I need 2 important things here: a News Feed and a Notification system. And I need it to be scalable.

I'm using MongoDB with Express for this project.

Notification System

About the notification system I'm thinking about a document that would hold:

  • actor: id refering to an User object
  • verb: a String defining the type of action: add friend, comment, etc.
  • object: an id refering to: User, Activity, whatever, depending on the type of verb. I would get the correct object depending on the value of the verb.

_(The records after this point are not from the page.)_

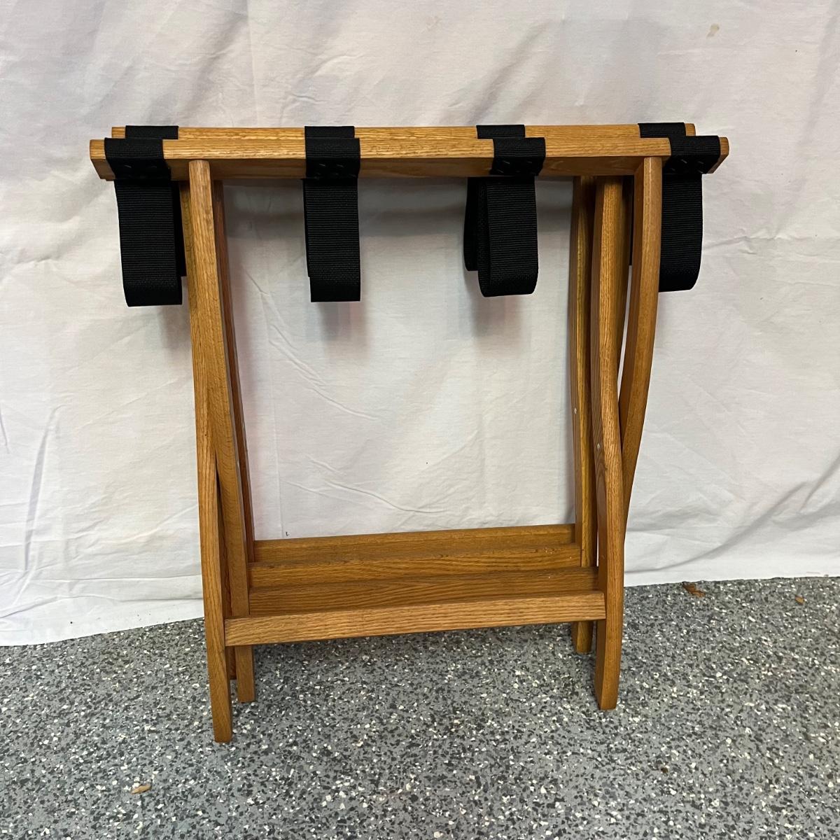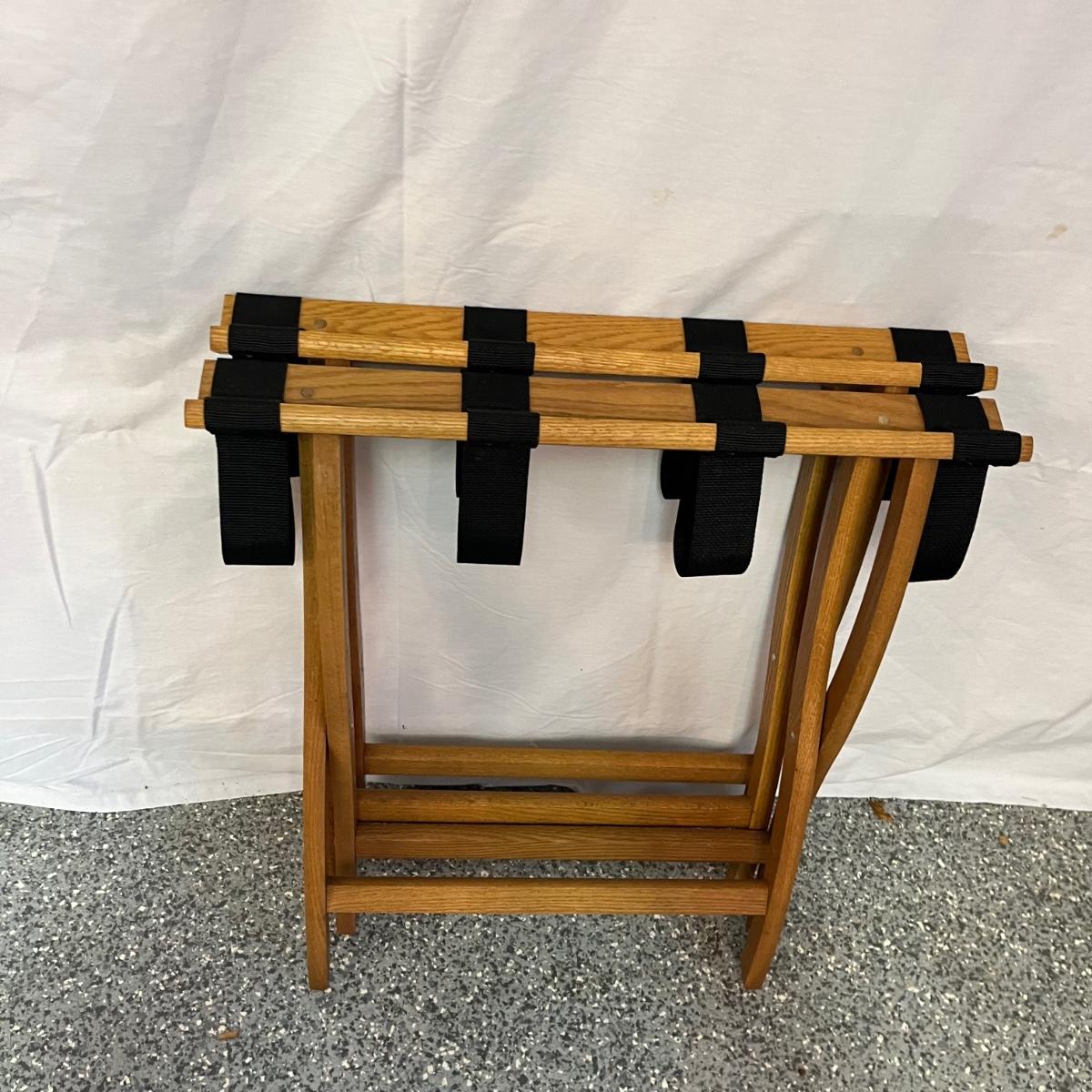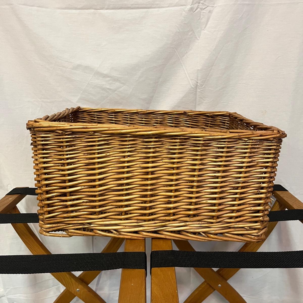 Lot includes two folding wooden suitcase stands with black webbing and two woven baskets. Largest basket measures 15” x 18” x 9”H.
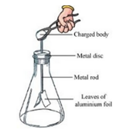 It consist of a metal rod on which two leaves of aluminum foil are fixed to one end and a metal disc at the other end. The leaves are kept inside a conical flask and it is corked to isolate it from the atmospheric air.
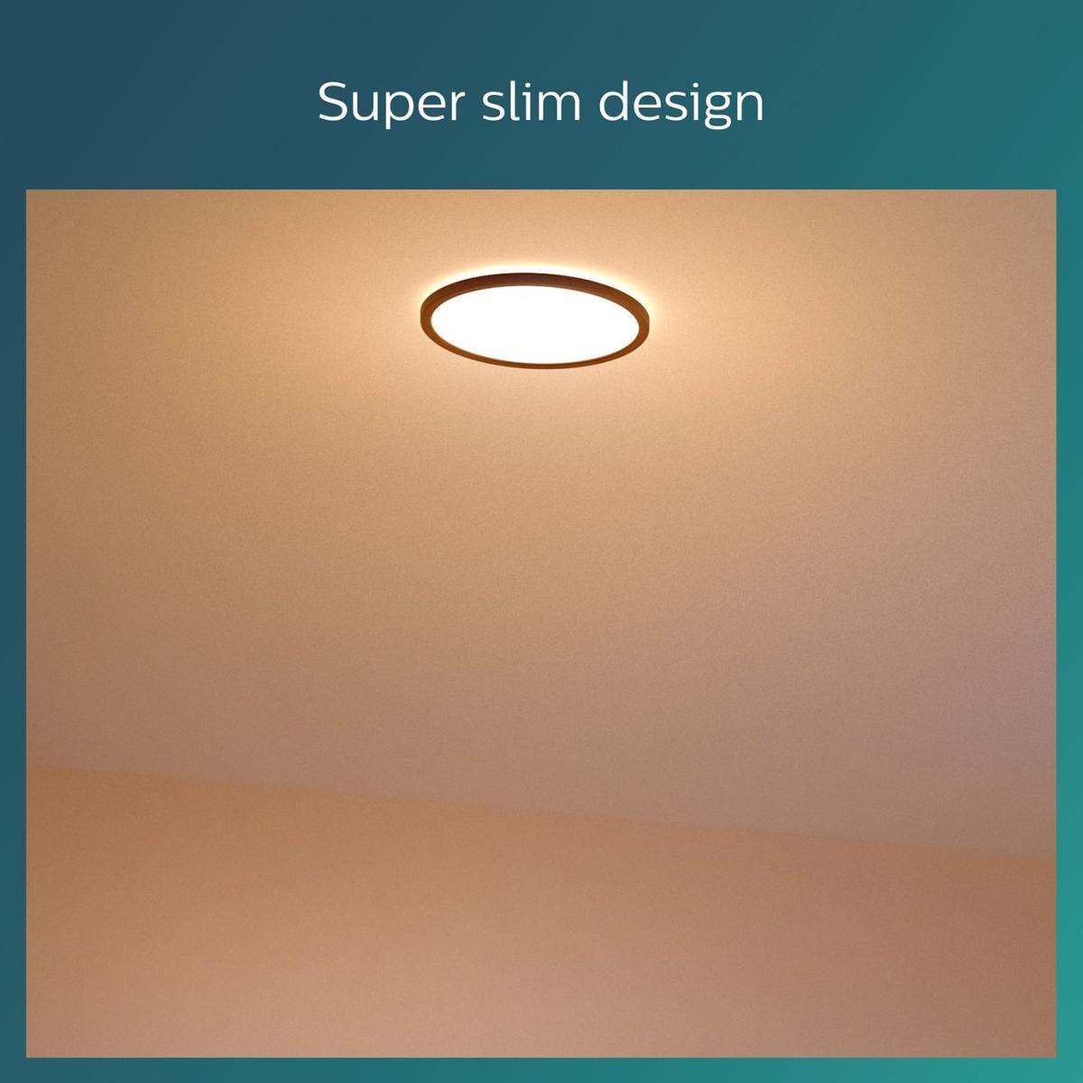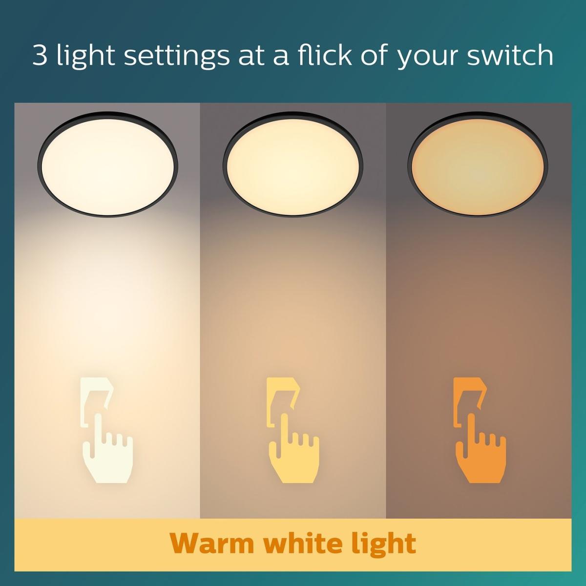Create the right mood by changing brightness. Philips' Scene Switch LED ceiling light lets you enjoy three brightness settings that are perfect for every moment. No dimmer or additional installation is required – all you need is your existing switch. One fixture. Your switch. Three light settings with Super slim design. Dimensions: Size H2.3, W25, D25cm. Diameter 25cm. None adjustable drop. 2.3cm drop. Bulb Information: Energy consumption/1000h (kwh): 0.9. Bulbs required 1 x integrated LED (included). Recommended maximum wattage: 15 watts. Can not be used with a dimmer switch. Dimmable LED bulb. LED bulb only. Colour rendering index 80. Colour temperature 2700. K. Rated luminous flux 1300 lumens. General Information: Metal & Plastic. 1 pull switch. - not suitable for bathroom use. Weight: 0.43kg. Minimal assembly. Product is mains powered plug in. This lighting product is a class 2 fitting. Manufacturer's 5 year guarantee.
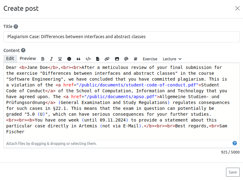 Instructors can set the response period for the significant similarity plagiarism case. - Instructor can specify for how long after the exercise due date a student will be able to submit a complaint. Default: 7 days. Min: 7 days.

My biggest doubt about this structure is: How would I return all this data to my Android app. Is it correct to return a JSON with the notification unpopulated (only ID's), and the Android app would use the ID's and query the API to build the notification. I mean, the client would make a call to: /getUser/:id to get the username, then /getActivity/:id to get the activity details, you get the point... Wouldn't that be to much calls just for a notification?

Because, imagine a user getting 50 notifications, that would be ~100 requests only to get the notification details. If that happens to 1K users, it would be 10K requests to get notification details.

News Feed

What's the best way to my client to get the latest activity? Just query the database for the latest inserted data that matches the criteria?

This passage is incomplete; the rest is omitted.